The tour ends with lunch at Davinder Singh's favourite Kulcha place served with Chole and a wonderfully tangy and spicy chutney! Overall it was a great experience and I would highly recommend it.

The foodie's Amritsar

Amritsar is a food paradise. The mere memory of the huge tandoor ovens cooking kulchas and big outdoor grills lined with tandoori chicken is making me hungry as I type this. Our main aim was to find the best Butter Chicken. We went to various places to try the tandoori chicken and butter chicken and ended up discovering other wonderful eating places too.

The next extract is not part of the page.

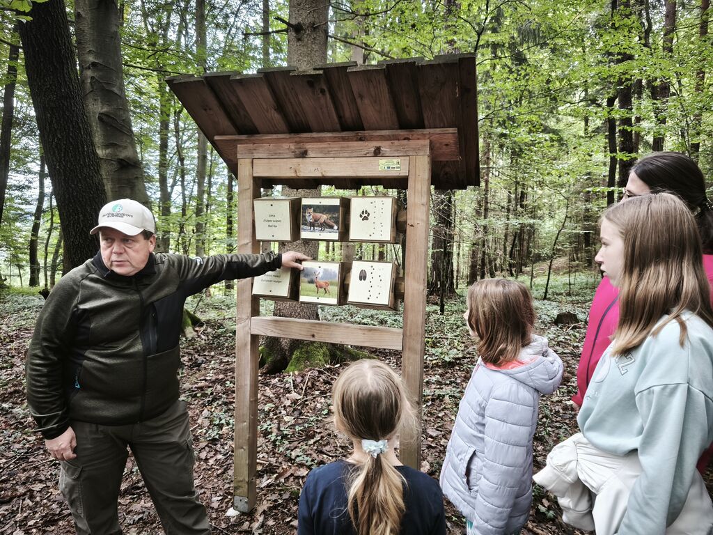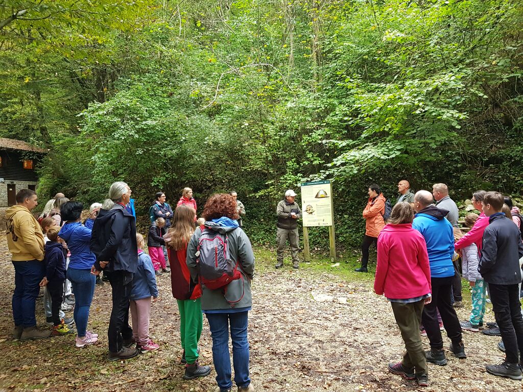 Tako smo sodelujoče družine v soboto, 27. septembra 2025, povabili na zaključni izlet. Zbrali smo se na parkirišču pred Jamo Pekel, kjer nas je najprej sprejel gozdar s katerim smo odšli na skoraj 2 km dolgo gozdno učno pot, ki se nahaja v krajinskem parku Ponikovski kras. Na učni poti nam je gozdar skozi 10 informacijskih točk predstavil odnose v gozdu in naravi, različne vloge gozdov, gozdne ptice in živali, življenje dreves, gozdna tla, vpliv škodljivcev, predvsem podlubnikov (najbolj znana vrsta je smrekov lubadar), kjer nam je pokazal na kakšen način zatiramo te škodljivce. Zatiramo jih z lovljenjem v posebne pasti. V njej so vrečke s feromoni, ki privabijo lubadarje. Predstavil nam je tudi vpliv ujm na gozdove ter kras s kraškimi pojavi.

Here are some of our favourite food discoveries in Amritsar:

Langar at Golden Temple: The langar or the community kitchen at the Golden Temple feeds all who come to the temple free of cost! The food is simple and wholesome and quite delicious. Do not miss this or your Amritsar trip will not be complete.

Kanha Sweets: Great place to start the day with a plate of pooris and potatoes (which comes with mango flavoured dish which was wonderful) and a glass of Lassi.

Bharawan Da Dhaba: Quite close to the Golden Temple and serving classic Punjabi food. We loved the Kulchas, Dal Makhani and Rajma there.

Pal da Dhaba: Makes the most wonderful Paya (trotter) soup and mutton tikka! The kheema naan was good too (but a bit heavy for us). The place is pretty nondescript and seemed to have a BYOB policy but the food is delicious.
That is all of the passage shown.